**Work to be completed:**
Return only the lines of the listing below that run from the line with "In 1665 the" through the line with "구간을 준공하고 시청", both ends included, exactly as written.

**Data for processing:**
····················
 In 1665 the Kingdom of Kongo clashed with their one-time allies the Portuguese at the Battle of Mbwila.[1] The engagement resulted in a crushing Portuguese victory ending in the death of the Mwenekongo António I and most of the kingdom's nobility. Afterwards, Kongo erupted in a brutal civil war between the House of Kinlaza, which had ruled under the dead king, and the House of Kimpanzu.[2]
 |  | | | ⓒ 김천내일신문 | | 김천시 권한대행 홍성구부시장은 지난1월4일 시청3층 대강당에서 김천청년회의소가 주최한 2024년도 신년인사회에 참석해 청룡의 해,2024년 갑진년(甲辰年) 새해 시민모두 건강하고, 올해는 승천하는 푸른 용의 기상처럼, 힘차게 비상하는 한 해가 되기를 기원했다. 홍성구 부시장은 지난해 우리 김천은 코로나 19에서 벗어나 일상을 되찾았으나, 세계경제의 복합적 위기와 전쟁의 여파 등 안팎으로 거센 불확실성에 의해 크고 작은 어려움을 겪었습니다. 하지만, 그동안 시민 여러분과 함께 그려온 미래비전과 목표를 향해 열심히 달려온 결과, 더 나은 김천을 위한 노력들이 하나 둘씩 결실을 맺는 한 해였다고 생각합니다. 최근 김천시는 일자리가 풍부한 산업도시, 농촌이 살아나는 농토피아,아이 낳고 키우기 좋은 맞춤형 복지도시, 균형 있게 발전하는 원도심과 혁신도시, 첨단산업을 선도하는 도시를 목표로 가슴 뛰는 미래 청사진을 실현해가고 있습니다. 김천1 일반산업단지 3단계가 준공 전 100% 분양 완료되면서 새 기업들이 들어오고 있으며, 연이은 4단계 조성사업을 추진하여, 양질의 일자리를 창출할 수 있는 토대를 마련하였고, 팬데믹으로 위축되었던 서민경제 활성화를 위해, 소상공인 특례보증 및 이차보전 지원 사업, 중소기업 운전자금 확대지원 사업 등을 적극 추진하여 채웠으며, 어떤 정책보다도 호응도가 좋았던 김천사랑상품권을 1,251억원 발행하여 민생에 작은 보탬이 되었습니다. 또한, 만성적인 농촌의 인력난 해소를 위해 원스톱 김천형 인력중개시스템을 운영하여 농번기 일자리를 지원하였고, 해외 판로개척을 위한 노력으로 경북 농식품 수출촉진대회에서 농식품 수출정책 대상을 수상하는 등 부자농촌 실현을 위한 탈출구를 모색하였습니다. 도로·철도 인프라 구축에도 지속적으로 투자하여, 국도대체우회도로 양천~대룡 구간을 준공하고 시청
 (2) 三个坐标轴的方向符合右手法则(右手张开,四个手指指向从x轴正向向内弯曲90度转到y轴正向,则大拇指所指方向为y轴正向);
····················
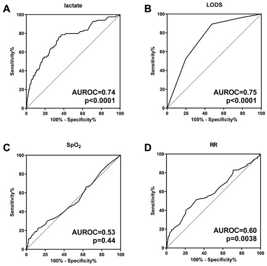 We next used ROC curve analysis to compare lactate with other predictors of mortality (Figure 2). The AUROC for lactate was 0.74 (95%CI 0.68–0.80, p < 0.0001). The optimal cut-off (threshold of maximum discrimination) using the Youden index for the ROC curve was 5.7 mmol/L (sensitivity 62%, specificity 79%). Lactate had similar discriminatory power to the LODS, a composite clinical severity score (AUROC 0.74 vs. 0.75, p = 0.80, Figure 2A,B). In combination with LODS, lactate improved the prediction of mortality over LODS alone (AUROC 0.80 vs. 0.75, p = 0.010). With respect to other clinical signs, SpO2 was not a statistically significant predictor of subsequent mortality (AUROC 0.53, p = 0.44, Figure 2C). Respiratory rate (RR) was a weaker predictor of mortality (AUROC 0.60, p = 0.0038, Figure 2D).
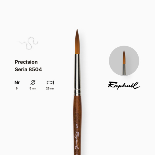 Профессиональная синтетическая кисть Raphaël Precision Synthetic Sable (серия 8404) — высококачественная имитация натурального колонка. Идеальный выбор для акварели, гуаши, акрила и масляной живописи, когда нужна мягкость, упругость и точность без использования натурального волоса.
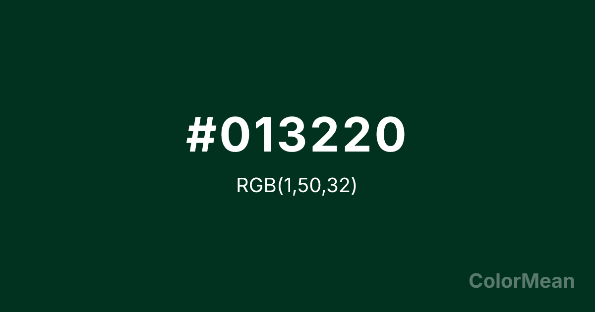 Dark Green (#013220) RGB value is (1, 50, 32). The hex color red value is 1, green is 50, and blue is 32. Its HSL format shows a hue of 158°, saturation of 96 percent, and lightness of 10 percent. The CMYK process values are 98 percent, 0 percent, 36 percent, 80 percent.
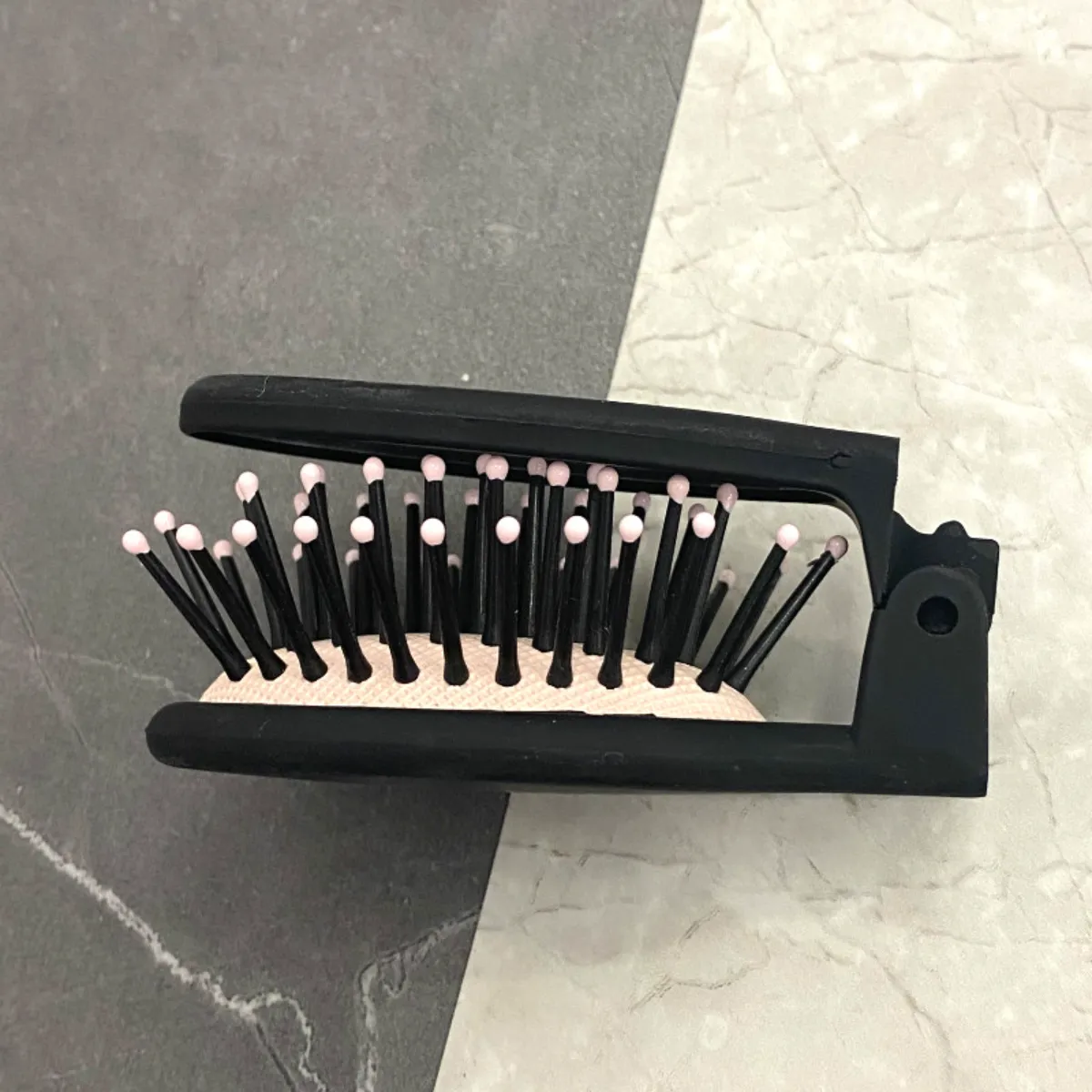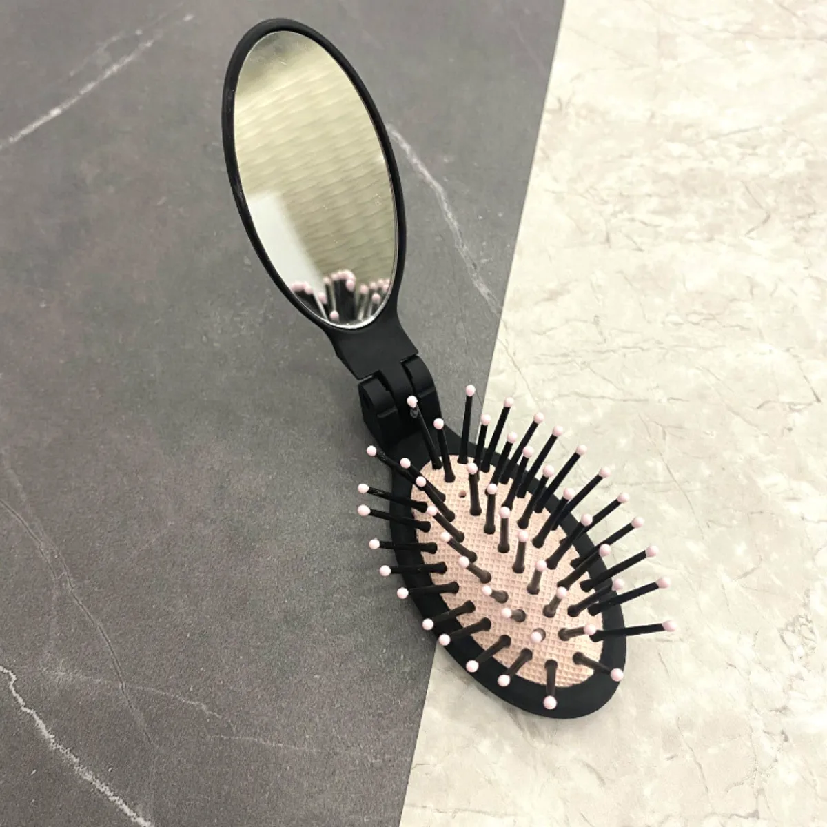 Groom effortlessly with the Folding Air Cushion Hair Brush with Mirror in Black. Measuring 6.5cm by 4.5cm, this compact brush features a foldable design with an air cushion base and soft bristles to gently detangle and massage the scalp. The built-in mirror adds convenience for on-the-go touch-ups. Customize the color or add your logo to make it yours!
····················
**Task response:**
 In 1665 the Kingdom of Kongo clashed with their one-time allies the Portuguese at the Battle of Mbwila.[1] The engagement resulted in a crushing Portuguese victory ending in the death of the Mwenekongo António I and most of the kingdom's nobility. Afterwards, Kongo erupted in a brutal civil war between the House of Kinlaza, which had ruled under the dead king, and the House of Kimpanzu.[2]
 |  | | | ⓒ 김천내일신문 | | 김천시 권한대행 홍성구부시장은 지난1월4일 시청3층 대강당에서 김천청년회의소가 주최한 2024년도 신년인사회에 참석해 청룡의 해,2024년 갑진년(甲辰年) 새해 시민모두 건강하고, 올해는 승천하는 푸른 용의 기상처럼, 힘차게 비상하는 한 해가 되기를 기원했다. 홍성구 부시장은 지난해 우리 김천은 코로나 19에서 벗어나 일상을 되찾았으나, 세계경제의 복합적 위기와 전쟁의 여파 등 안팎으로 거센 불확실성에 의해 크고 작은 어려움을 겪었습니다. 하지만, 그동안 시민 여러분과 함께 그려온 미래비전과 목표를 향해 열심히 달려온 결과, 더 나은 김천을 위한 노력들이 하나 둘씩 결실을 맺는 한 해였다고 생각합니다. 최근 김천시는 일자리가 풍부한 산업도시, 농촌이 살아나는 농토피아,아이 낳고 키우기 좋은 맞춤형 복지도시, 균형 있게 발전하는 원도심과 혁신도시, 첨단산업을 선도하는 도시를 목표로 가슴 뛰는 미래 청사진을 실현해가고 있습니다. 김천1 일반산업단지 3단계가 준공 전 100% 분양 완료되면서 새 기업들이 들어오고 있으며, 연이은 4단계 조성사업을 추진하여, 양질의 일자리를 창출할 수 있는 토대를 마련하였고, 팬데믹으로 위축되었던 서민경제 활성화를 위해, 소상공인 특례보증 및 이차보전 지원 사업, 중소기업 운전자금 확대지원 사업 등을 적극 추진하여 채웠으며, 어떤 정책보다도 호응도가 좋았던 김천사랑상품권을 1,251억원 발행하여 민생에 작은 보탬이 되었습니다. 또한, 만성적인 농촌의 인력난 해소를 위해 원스톱 김천형 인력중개시스템을 운영하여 농번기 일자리를 지원하였고, 해외 판로개척을 위한 노력으로 경북 농식품 수출촉진대회에서 농식품 수출정책 대상을 수상하는 등 부자농촌 실현을 위한 탈출구를 모색하였습니다. 도로·철도 인프라 구축에도 지속적으로 투자하여, 국도대체우회도로 양천~대룡 구간을 준공하고 시청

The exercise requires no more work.